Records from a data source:
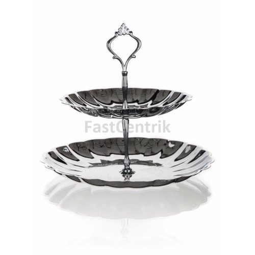 Kétemeletes, elegáns krómozott kínálótál, melyen remekül fog mutatni minden sütemény.
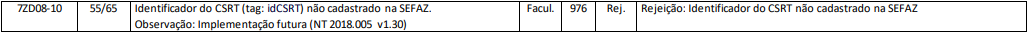 Identificador do CSRT (tag: idCSRT) não cadastrado na SEFAZ.
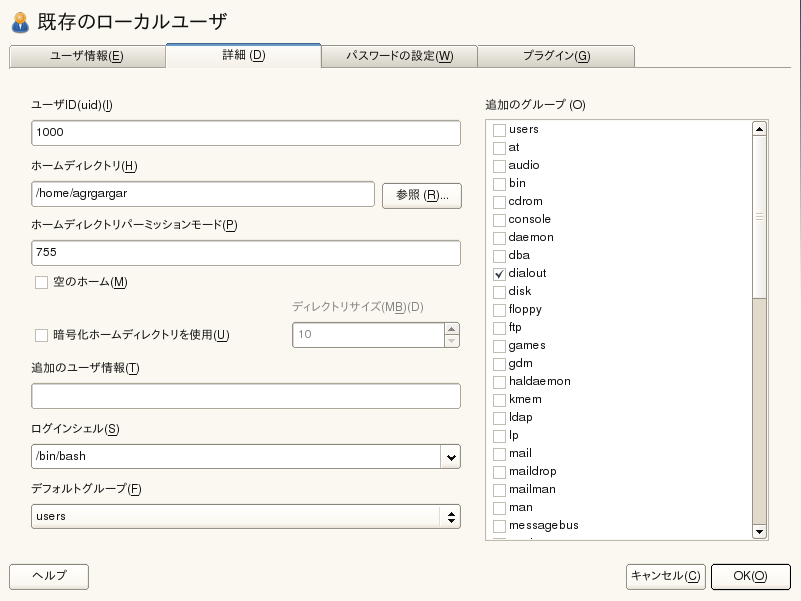 YaSTでは、新しいユーザまたは既存のユーザに対する暗号化ホームディレクトリを作成できます。既存のユーザ用の暗号化ホームディレクトリを作成、または変更するには、ユーザの現在のログインパスワードを把握しておく必要があります。.デフォルトでは、既存のすべてのユーザデータが暗号化された新規ホームディレクトリにコピーされますが、暗号化されていないディレクトリからは削除されません。
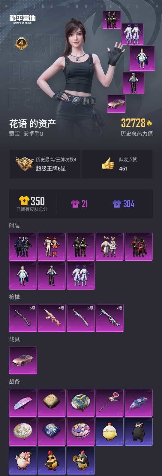 【秒换绑】安卓 手Q-8粉装-4特效枪-1载具-1粉色飞行器-32728热力值-4王牌印记-77套装-88枪皮
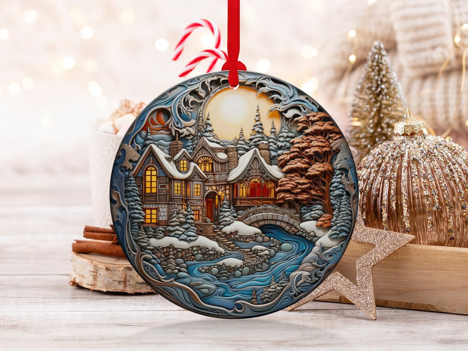 Add a touch of festive charm to your home with this round ceramic Christmas ornament, perfect for any holiday décor. Featuring classic Xmas village designs, this ornament captures the warmth and nostalgia of the season, making it a standout piece on your tree, mantel, or in your holiday displays.
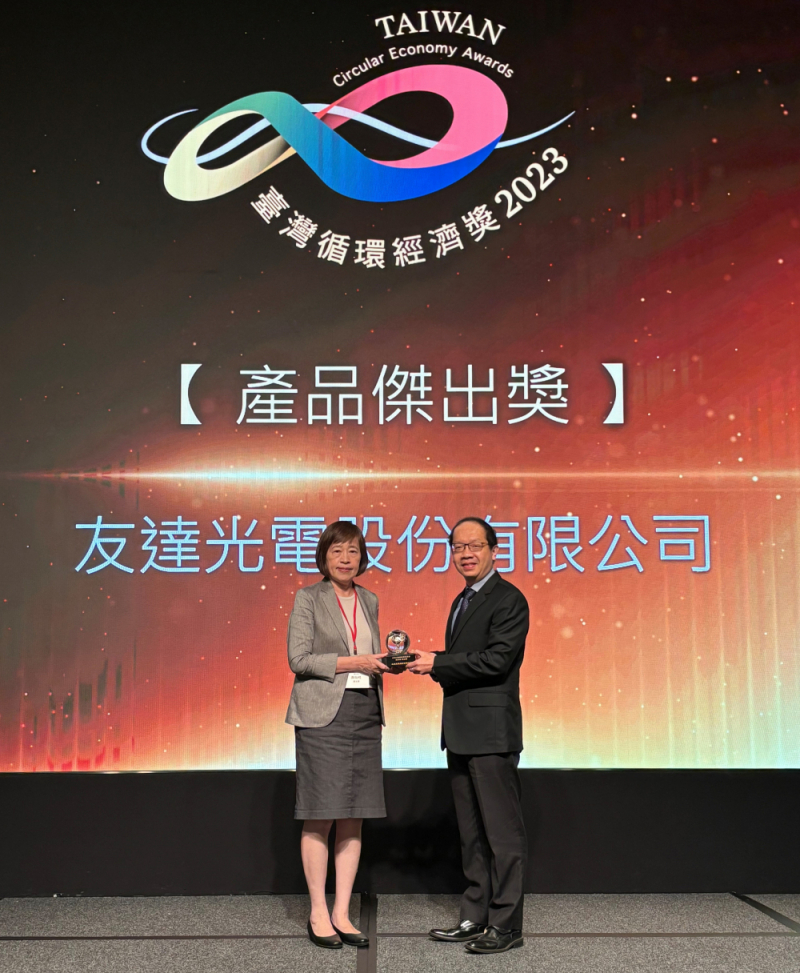 友達光電響應聯合國永續發展目標(Sustainable Development Goals, SDGs),依循SDG 12「責任消費與生產」制度,致力推動綠色製造、擴大循環經濟影響力,對內從循環產品之設計販售、製程原料回收、廢棄物減量等面向著手,對外與合作夥伴共同推動包材回收、研發再生料技術及製程材料循環,落實綠色製造與資源循環利用,在本年度台灣循環經濟獎之產品傑出獎肯定。台灣循環經濟獎係由中華經濟研究院設立之獎項,旨在鼓勵各界積極投入循環經濟,友達以優異之循環經濟成果,自首屆起連年締造佳績,展現企業落實循環經濟的價值。

Task instructions: The lines to copy run from the line containing "Add a touch" through the end of the data above; copy exactly those, minus the pictures.

Task response:
 Add a touch of festive charm to your home with this round ceramic Christmas ornament, perfect for any holiday décor. Featuring classic Xmas village designs, this ornament captures the warmth and nostalgia of the season, making it a standout piece on your tree, mantel, or in your holiday displays.
 友達光電響應聯合國永續發展目標(Sustainable Development Goals, SDGs),依循SDG 12「責任消費與生產」制度,致力推動綠色製造、擴大循環經濟影響力,對內從循環產品之設計販售、製程原料回收、廢棄物減量等面向著手,對外與合作夥伴共同推動包材回收、研發再生料技術及製程材料循環,落實綠色製造與資源循環利用,在本年度台灣循環經濟獎之產品傑出獎肯定。台灣循環經濟獎係由中華經濟研究院設立之獎項,旨在鼓勵各界積極投入循環經濟,友達以優異之循環經濟成果,自首屆起連年締造佳績,展現企業落實循環經濟的價值。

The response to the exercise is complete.